Registered Users (C)
I guess everyone is happy after seeing all the approvals on this board. I am pretty happy but could use some good jokes. So please post if you have any. It will definitely cheer up some of the unfortunate Octoberites who havent heard anything yet! :(
 
Some work for Brain

Not sure, if you can handle some work for Brain, but It's really good.. I could answer only 3 of them...

1.A murderer is condemned to death. He has to choose between three
rooms. The first is full of raging fires, the second is full
of assassins with loaded guns, and the third is full of lions
that haven't eaten in 3 years. Which room is safest for him?
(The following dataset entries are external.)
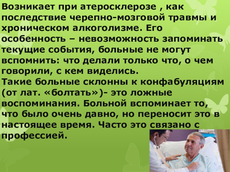 Такие больные склонны к конфабуляциям (от лат. «болтать»)- это ложные воспоминания. Больной вспоминает то, что было очень давно, но переносит это в настоящее время. Часто это связано с профессией.
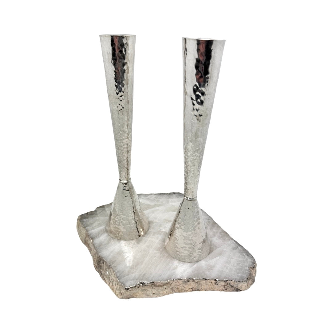 This silver plated rim clear quartz platter is a stunning piece to show off candlesticks or anything! Sizes vary between 9"and 10" x 6" to 8" deep. No two are alike. All are beautiful.
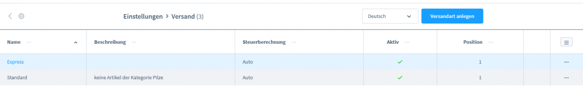 Deine Versandregeln pflegst du in Shopware unter Einstellungen -> Shop -> Versand. Hier kannst du beliebig viele Versandregeln festlegen. Im Standard liefert Shopware zwei Versandregeln aus, Standard und Express.

2.A woman shoots her husband. Then she holds him under water for
over 5 minutes. Finally, she hangs him. But 5 minutes later they
both go out together and enjoy a wonderful dinner together.
How can this be?

3.There are two plastic jugs filled with water. How could you put
all of this water into a barrel, without using the jugs or any
dividers,
and still tell which water came from which jug?

4.What is black when you buy it, red when you use it, and gray when
you throw it away?

5.Can you name three consecutive days without using the words Monday,
Tuesday, Wednesday, Thursday, Friday, Saturday, or Sunday?


6.This is an unusual paragraph. I'm curious how quickly you can find
out what is so unusual about it. It looks so plain you would think
nothing was wrong with it. In fact, nothing is wrong with it! It is
unusual though. Study it, and think about it, but you still may
not find anything odd. But if you work at it a bit, you might find
out. Try to do so without any coaching!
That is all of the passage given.